_YOUR GOAL_: Please repeat the lines below exactly. Begin with the line containing "종합격투기 선수 김동현이" and go on through the line containing "- 기존의 Dot-Product".

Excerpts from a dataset
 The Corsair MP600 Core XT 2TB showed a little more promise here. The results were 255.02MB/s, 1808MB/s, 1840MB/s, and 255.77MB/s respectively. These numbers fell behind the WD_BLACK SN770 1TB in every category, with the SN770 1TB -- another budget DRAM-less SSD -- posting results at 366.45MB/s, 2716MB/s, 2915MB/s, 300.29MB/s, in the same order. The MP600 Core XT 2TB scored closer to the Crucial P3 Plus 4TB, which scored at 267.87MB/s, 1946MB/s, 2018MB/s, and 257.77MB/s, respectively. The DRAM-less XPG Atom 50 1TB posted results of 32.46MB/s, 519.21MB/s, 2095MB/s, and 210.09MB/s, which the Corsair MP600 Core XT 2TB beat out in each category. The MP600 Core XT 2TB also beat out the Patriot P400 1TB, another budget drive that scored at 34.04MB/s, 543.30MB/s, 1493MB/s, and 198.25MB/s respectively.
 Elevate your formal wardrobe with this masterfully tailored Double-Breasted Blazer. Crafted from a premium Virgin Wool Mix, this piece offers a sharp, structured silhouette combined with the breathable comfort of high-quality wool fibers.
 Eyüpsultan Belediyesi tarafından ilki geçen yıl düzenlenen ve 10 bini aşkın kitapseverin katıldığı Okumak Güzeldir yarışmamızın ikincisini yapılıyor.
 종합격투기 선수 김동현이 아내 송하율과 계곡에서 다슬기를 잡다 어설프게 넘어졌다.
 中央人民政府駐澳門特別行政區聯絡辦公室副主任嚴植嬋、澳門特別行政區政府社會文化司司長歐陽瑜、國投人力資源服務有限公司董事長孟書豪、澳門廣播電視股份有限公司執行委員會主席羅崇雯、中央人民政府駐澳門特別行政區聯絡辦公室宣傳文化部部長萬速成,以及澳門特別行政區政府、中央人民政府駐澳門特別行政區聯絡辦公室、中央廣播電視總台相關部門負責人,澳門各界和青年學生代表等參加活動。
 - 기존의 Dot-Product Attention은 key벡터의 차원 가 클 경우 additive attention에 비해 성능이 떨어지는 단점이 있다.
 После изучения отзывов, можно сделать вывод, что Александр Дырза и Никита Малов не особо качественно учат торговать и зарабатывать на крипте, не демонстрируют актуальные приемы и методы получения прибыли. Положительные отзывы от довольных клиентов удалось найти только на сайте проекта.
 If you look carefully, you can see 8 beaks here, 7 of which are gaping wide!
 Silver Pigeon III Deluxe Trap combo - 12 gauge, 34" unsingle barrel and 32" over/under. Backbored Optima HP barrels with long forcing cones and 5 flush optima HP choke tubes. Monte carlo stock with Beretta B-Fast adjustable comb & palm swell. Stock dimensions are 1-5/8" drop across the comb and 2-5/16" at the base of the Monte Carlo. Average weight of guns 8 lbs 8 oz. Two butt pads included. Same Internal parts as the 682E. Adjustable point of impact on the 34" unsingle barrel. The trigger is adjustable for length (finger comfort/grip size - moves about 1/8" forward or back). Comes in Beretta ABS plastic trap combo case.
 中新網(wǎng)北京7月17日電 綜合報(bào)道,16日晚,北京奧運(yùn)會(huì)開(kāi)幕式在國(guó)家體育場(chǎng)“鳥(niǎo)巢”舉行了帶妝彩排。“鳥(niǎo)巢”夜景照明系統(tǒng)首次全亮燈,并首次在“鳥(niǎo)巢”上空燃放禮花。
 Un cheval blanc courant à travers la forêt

---

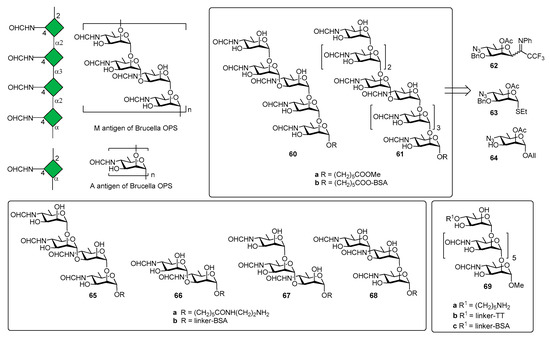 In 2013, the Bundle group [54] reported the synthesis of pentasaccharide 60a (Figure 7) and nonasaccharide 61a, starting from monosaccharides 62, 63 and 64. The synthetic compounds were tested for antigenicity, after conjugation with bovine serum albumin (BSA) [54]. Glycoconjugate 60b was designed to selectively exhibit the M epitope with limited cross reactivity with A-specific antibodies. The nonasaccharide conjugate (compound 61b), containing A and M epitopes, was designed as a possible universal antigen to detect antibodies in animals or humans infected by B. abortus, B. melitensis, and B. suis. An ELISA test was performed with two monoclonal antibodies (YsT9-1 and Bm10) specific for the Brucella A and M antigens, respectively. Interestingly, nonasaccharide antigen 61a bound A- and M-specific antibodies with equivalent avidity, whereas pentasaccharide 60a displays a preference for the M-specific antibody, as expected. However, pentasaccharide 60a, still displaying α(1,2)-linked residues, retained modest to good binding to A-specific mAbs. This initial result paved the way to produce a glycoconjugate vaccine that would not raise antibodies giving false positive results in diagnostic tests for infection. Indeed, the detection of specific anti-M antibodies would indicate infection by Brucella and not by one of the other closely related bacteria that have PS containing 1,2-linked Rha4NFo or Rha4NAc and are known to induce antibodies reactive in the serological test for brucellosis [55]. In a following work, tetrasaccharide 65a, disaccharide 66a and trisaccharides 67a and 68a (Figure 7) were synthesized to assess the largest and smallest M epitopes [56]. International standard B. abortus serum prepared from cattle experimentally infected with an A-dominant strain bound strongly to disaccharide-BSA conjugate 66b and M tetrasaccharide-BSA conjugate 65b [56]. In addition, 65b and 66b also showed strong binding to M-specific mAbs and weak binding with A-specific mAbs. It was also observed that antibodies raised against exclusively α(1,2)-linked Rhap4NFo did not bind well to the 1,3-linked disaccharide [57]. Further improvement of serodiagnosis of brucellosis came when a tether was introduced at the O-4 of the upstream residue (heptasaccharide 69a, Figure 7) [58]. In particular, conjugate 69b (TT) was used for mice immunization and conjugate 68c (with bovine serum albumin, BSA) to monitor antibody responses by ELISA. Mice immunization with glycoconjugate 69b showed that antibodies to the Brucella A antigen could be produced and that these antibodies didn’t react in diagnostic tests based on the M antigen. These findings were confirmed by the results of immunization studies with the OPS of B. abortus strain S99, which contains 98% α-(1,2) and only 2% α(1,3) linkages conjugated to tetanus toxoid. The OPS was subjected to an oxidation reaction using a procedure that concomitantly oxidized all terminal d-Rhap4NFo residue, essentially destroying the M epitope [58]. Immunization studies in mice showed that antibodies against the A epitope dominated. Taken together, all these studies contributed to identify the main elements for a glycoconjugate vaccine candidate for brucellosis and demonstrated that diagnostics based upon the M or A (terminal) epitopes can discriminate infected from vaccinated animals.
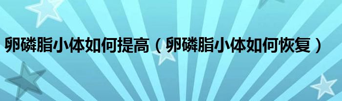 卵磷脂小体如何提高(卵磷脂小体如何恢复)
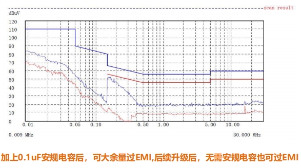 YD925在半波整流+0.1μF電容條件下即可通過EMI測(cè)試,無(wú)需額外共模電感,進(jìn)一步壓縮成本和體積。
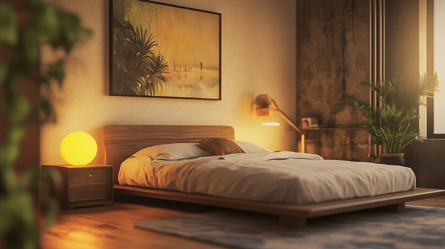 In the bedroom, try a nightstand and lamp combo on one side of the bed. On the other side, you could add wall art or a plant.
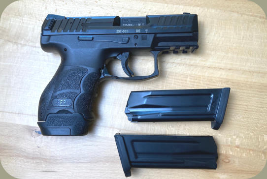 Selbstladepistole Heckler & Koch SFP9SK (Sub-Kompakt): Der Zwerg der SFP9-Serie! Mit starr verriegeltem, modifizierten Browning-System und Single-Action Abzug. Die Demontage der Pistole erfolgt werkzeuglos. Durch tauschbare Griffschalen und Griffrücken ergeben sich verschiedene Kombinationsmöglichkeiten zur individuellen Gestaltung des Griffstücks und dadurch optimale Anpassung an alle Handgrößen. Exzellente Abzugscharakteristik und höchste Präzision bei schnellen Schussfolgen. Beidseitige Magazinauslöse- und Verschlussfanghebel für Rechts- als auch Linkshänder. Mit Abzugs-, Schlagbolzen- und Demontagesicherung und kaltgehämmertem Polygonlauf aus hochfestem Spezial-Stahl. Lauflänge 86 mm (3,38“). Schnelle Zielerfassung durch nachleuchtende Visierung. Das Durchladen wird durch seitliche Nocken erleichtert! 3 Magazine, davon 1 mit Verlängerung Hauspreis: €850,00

_SOLUTION BELOW_:
 종합격투기 선수 김동현이 아내 송하율과 계곡에서 다슬기를 잡다 어설프게 넘어졌다.
 中央人民政府駐澳門特別行政區聯絡辦公室副主任嚴植嬋、澳門特別行政區政府社會文化司司長歐陽瑜、國投人力資源服務有限公司董事長孟書豪、澳門廣播電視股份有限公司執行委員會主席羅崇雯、中央人民政府駐澳門特別行政區聯絡辦公室宣傳文化部部長萬速成,以及澳門特別行政區政府、中央人民政府駐澳門特別行政區聯絡辦公室、中央廣播電視總台相關部門負責人,澳門各界和青年學生代表等參加活動。
 - 기존의 Dot-Product Attention은 key벡터의 차원 가 클 경우 additive attention에 비해 성능이 떨어지는 단점이 있다.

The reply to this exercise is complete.